Originally Posted by fredman
Ok, sniping: one thing to be careful about:
In some instances, if you set up your snipe to bid in, say, the last 5-6 seconds of an auction, you MUST make your bid increment high enough that it actually 'goes thru', and by that I mean, the first two times I sniped an item, I didn't get it, even though I sniped at like 2 seconds before the end of the auction at a higher amount, and the winning bid went thru 5 seconds before mine.
I'm not sure how to explain this real well, but maybe you will get what I am saying: there was a $150 item I wanted, I bid $50 as my limit, and with 8 seconds left a guy bid $65, and I previously set my snipe to bid in 4% increments to out-bid anyone else 'automatically' up until my actual top-end limit, which I programmed in at $75, so it went from 50 to 54, not enough, 54 to 58, 58 to 62, not enough, and for some reason my snipe went thru at $66, and my bid was rejected due to 'not enough of an increment', or some BS reason like that, and by then the item had closed.

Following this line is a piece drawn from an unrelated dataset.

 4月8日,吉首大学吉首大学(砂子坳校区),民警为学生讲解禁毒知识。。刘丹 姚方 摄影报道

All I am saying is, when you set up your snipes, BE SURE to increment as high a dollar amount as you can afford, depending on how bad you want the item.
As
slawecki says, this makes no sense. Just snipe your max of $75 in one bid. Then you wouldn't have run out of time or whatever happened to you at $66. What your max is and how you get there by increments and what you win the item for are not related so far as I can see; it all depends only on what the other guy does, except as below.

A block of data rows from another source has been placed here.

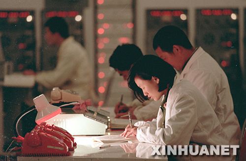 Una técnica trabajando en el Centro de Lanzamiento de Satélites de Xichang, encargada de la transmisión de datos de lanzamiento.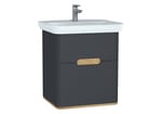 Тумба с раковиной Vitra Sento 630х615х485 подвесная, с подсветкой, 2 ящика, матовый антрацит 60834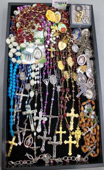 LOT 195 - Rosaries, many from Italy, all intact. Also, Religious Bracelets, Pins and Pendants.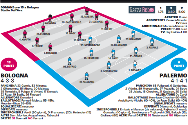 Domani alle 15 allo stadio “Renato Dall’Ara” andrà in scena il match tra Bologna e Palermo, sfida valida per la 13^ giornata del campionato di serie A. I rosanero militano nei bassissimi fondi della classifica con soli 6 punti, decisamente meglio i felsinei che fin qui hanno totalizzato 13 punti. Ecco le probabili formazioni del match de “La Gazzetta dello Sport”:

One problem that occurs sometimes is that you outbid somebody by a hair, but not by enough to cover the increment. Say you snipe $102.05 at 4 seconds. But somebody else snipes $102.00 at 5 seconds. You are higher, but lose anyway. But if you'd sniped at 6 seconds, you'd have won.
So you might snipe a couple seconds earlier than other programs do to avoid this, if your sniper allows it. Or just bump your max up by a couple dollars.
www.bidnapper.com has always worked perfectly for me, but it does cost $45 a year or so.